I think the way forward is to just be fine with older hardware and getting less demanding newer titles. There's those who only game on a Steam Deck, and been happy with it. Emulating old games is an option too.
Not sure what to tell you, but a Mac is the last platform to go to for gaming. Apple has zero interest in gaming and have made the platform virtually hostile to gaming development.
Steam regularly has sales (really good sales, like under $5) for fairly modern games (within the last 10 years).
Wait for a sale on something like an AMD Beelink and use that.
Like I replied to another comment, the Mac was necessary for work (art and music) and was light years ahead of anything else that can be obtained at its price point ($575).
Thanks for the Beelink rec, though.
Here's an idea that won't cost anything: Browser games! There are tons of great Incremental games playable for free on a browser, and plenty of other games too.

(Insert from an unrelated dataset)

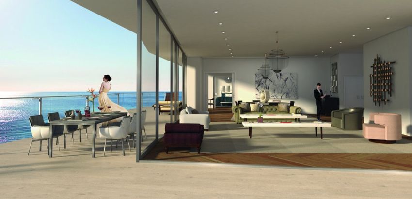The 15-story beachfront tower features only 13 luxurious 4-6 bedroom residences - only 1 residence per floor - ranging in size from 5,620 to 10,200 square feet. Furthermore, the project will feature a first-class penthouse and two expansive villas. Each residence will feature a fully customizable floor plan, a private elevator, a beautiful private plunge pool. What's more, each residence will include two fully enclosed garage bays within the parking garage with electric-car capability and trickle chargers, together with two additional bay-area parking spaces.

I don't know you, but I have more games in my library than gaming hours in a month. I haven't touched anything released in the past three years, and mostly replay older games and emulators. The entire PS1 and PS2 library, as well as Nintendo 64, GBA, DS, etc... can be played on your fridge, and you can pirate those games for free, or buy their remasters (if they's any) for cheap.
I don't know what I can tell you.
I'm one of those patient gamers, where I'm just happy I finally have a machine that can play about 89% of the games I have to throw at it. Moreso happier that it can confidently run PS2 emulation, something I've been chasing for years to have a machine that can do, to own anyways.
I think you just need to sit down and contemplate to yourself what you want out of a machine. It's not a good healthy mindset to be fretting about upgrading all of the time. I mean, you made a huge leap already going from 15 years to what you have now.
Also consider that, there will still be games released that look graphically demanding and everything, but will require maybe a 1060 GPU, just as an example. Probably 8GB of RAM. It's only the AAA stuff that wants everything to be tip-top shape. Don't chase those.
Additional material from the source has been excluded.